* **Given material**:

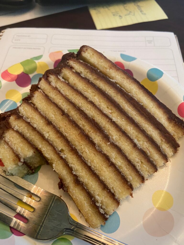 Words cannot describe just how amazing that cake was. I figured out that it was best to eat it in square bites of two layers of cake with two layers of icing (see the photo below). That square was the perfect balance that showed off the perfection of that cake. And it was perfection.
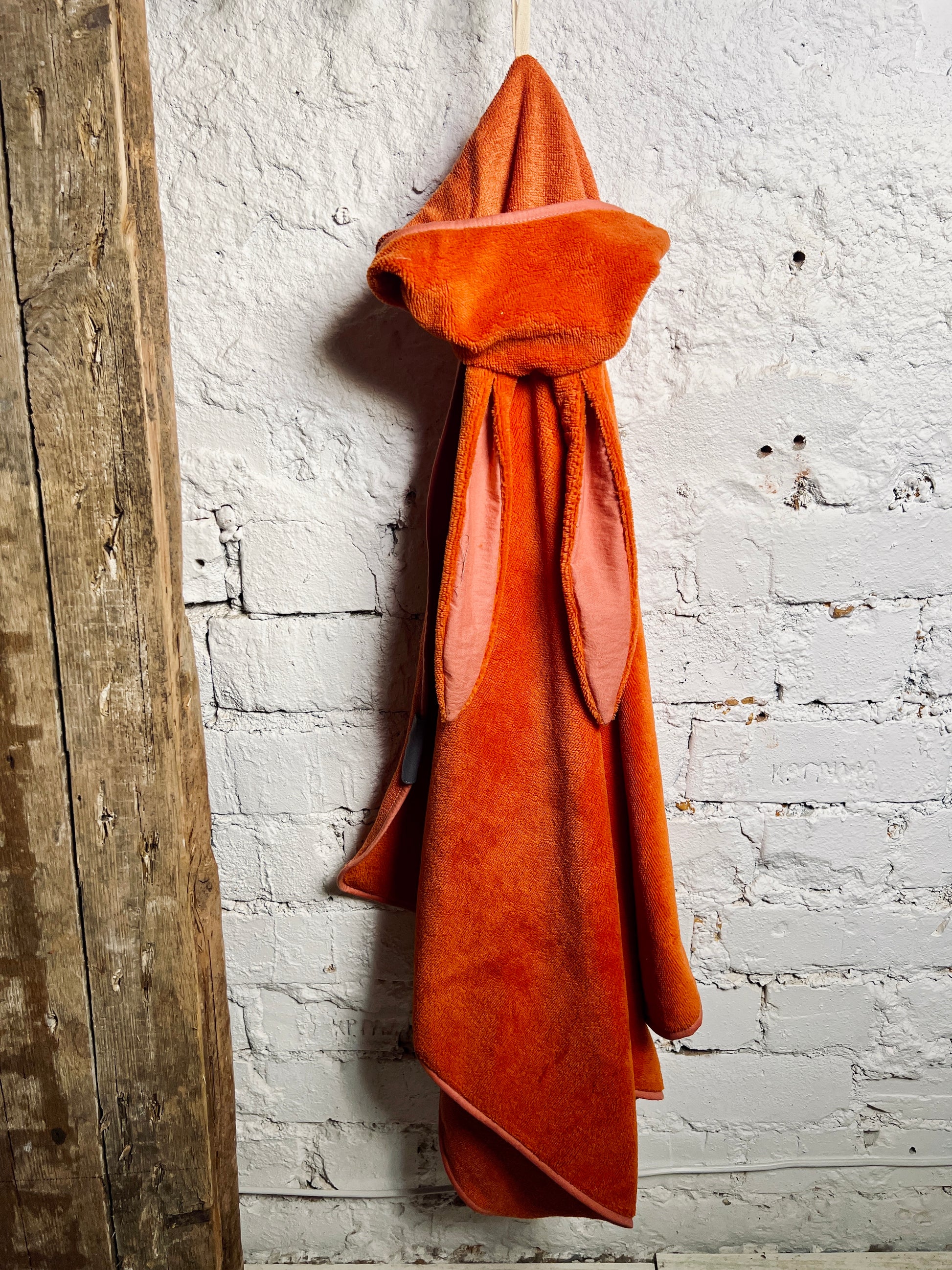 Large children's hooded towel with bunny ears. Great for warming up your little water lover after a bath or swim.
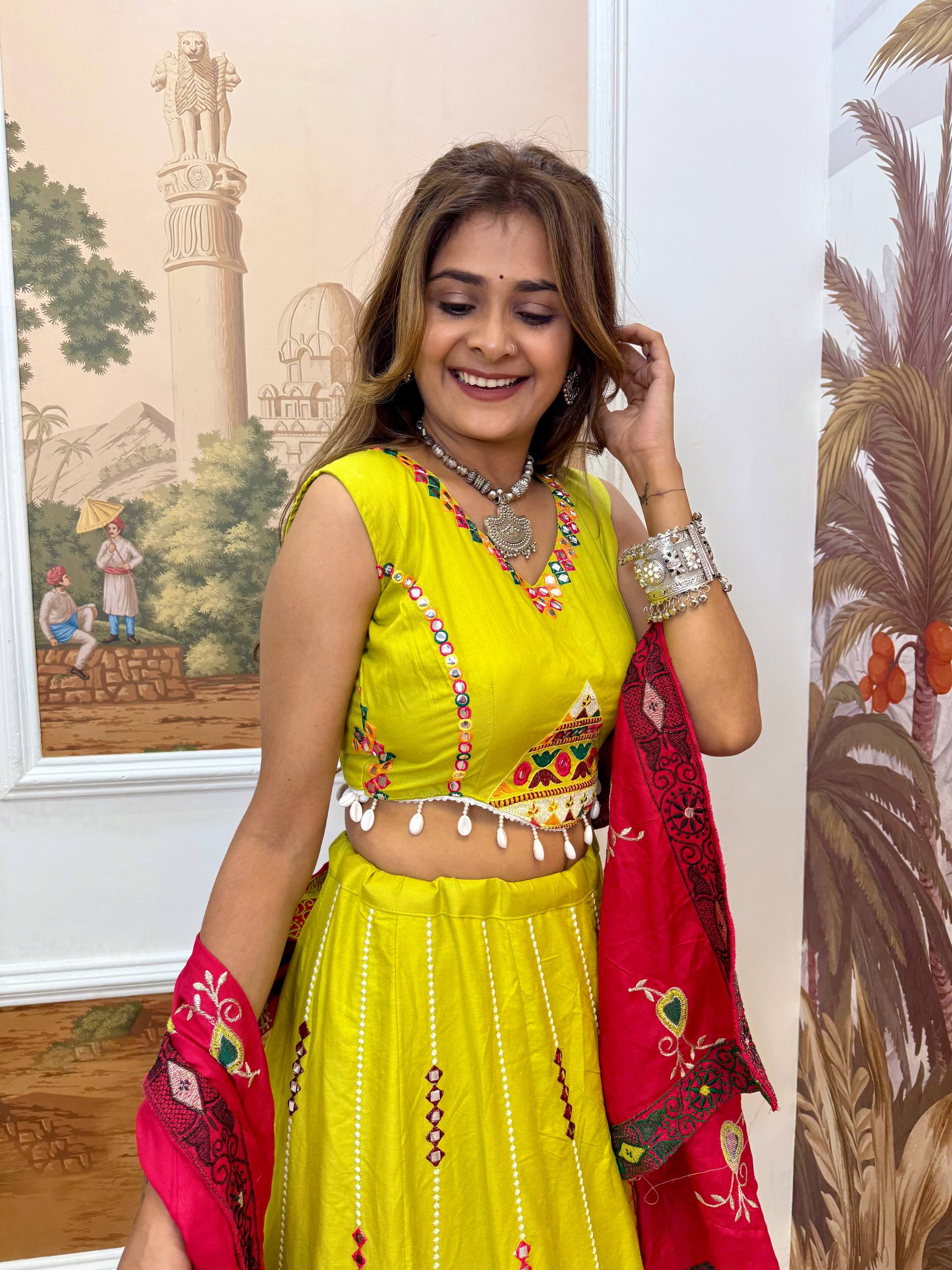 navrati PURE RAYON FABRIC FULL HEAVY EMBROIDERY WORK AND LACE BORDER single available wholesale
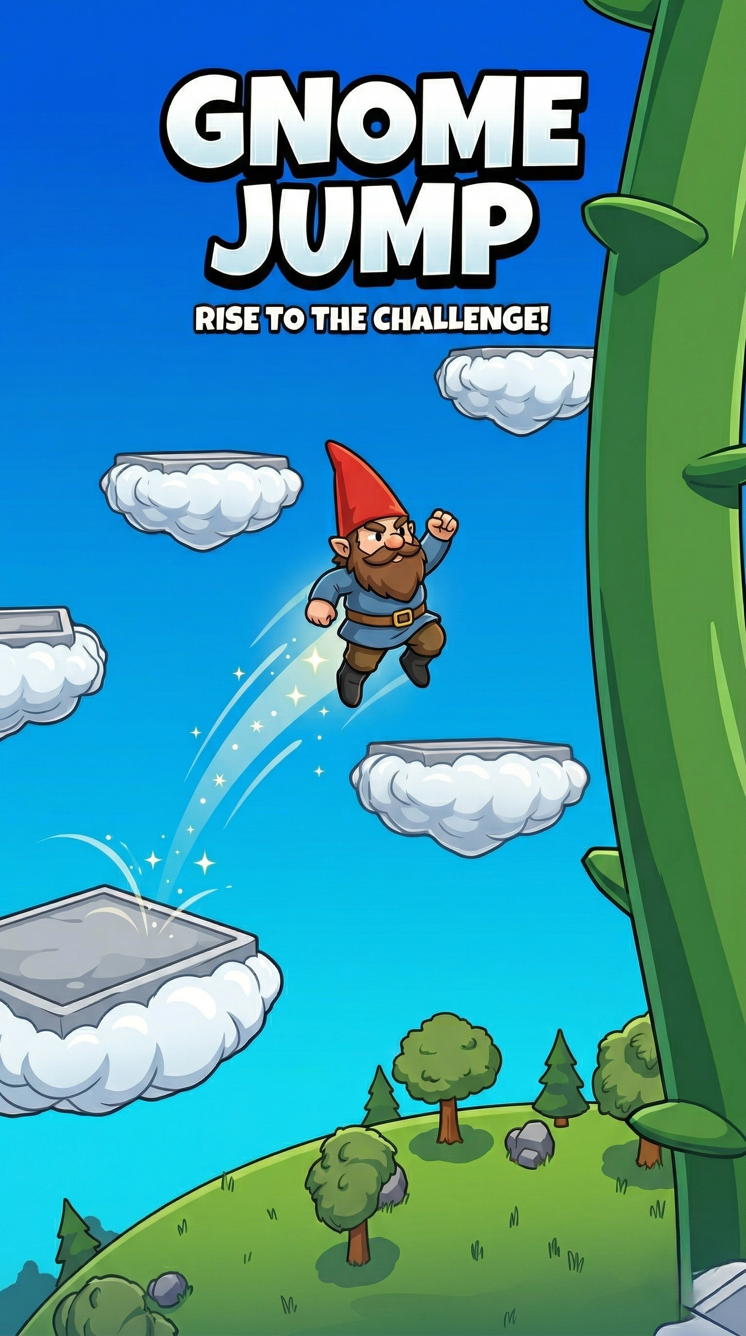Gnome Jump is a 3D platformer where you control a gnome bouncing up a giant beanstalk. Charge your jumps, land on platforms, and climb higher and higher!

* **Your goal**:
Produce an exact copy of the lines from the line containing "Large children's hooded" to the end of the material, both ends included, and omit every picture.

* **Answer to this problem**:
 Large children's hooded towel with bunny ears. Great for warming up your little water lover after a bath or swim.
 navrati PURE RAYON FABRIC FULL HEAVY EMBROIDERY WORK AND LACE BORDER single available wholesale
Gnome Jump is a 3D platformer where you control a gnome bouncing up a giant beanstalk. Charge your jumps, land on platforms, and climb higher and higher!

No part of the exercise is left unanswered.